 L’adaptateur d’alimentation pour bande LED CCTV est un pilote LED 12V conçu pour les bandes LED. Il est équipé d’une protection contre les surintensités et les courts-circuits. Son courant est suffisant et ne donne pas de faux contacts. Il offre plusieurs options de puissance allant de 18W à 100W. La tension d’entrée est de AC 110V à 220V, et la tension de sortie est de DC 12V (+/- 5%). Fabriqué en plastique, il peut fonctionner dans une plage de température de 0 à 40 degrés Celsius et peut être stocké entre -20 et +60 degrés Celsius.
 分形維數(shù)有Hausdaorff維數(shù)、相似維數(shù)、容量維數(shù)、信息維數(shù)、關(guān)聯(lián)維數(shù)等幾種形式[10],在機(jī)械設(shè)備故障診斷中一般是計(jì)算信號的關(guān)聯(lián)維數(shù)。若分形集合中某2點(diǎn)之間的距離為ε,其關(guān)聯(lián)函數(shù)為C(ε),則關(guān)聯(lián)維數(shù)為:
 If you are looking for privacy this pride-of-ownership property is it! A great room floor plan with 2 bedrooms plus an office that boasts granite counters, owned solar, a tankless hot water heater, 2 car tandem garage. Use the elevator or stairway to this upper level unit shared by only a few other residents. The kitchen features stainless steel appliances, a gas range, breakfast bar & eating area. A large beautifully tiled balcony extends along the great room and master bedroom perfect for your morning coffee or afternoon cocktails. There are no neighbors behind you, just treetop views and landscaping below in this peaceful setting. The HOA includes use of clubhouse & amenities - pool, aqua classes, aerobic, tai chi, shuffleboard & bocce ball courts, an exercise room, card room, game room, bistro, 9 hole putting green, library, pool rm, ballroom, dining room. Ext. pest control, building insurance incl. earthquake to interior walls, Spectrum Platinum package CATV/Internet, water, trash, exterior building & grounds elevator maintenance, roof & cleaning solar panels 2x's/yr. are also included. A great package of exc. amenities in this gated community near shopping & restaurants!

● ● ●

Exactly as they stand, set down the lines from the top of the data through the line with "分形維數(shù)有Haus".

▶ _ANSWER SPACE_
 L’adaptateur d’alimentation pour bande LED CCTV est un pilote LED 12V conçu pour les bandes LED. Il est équipé d’une protection contre les surintensités et les courts-circuits. Son courant est suffisant et ne donne pas de faux contacts. Il offre plusieurs options de puissance allant de 18W à 100W. La tension d’entrée est de AC 110V à 220V, et la tension de sortie est de DC 12V (+/- 5%). Fabriqué en plastique, il peut fonctionner dans une plage de température de 0 à 40 degrés Celsius et peut être stocké entre -20 et +60 degrés Celsius.
 分形維數(shù)有Hausdaorff維數(shù)、相似維數(shù)、容量維數(shù)、信息維數(shù)、關(guān)聯(lián)維數(shù)等幾種形式[10],在機(jī)械設(shè)備故障診斷中一般是計(jì)算信號的關(guān)聯(lián)維數(shù)。若分形集合中某2點(diǎn)之間的距離為ε,其關(guān)聯(lián)函數(shù)為C(ε),則關(guān)聯(lián)維數(shù)為:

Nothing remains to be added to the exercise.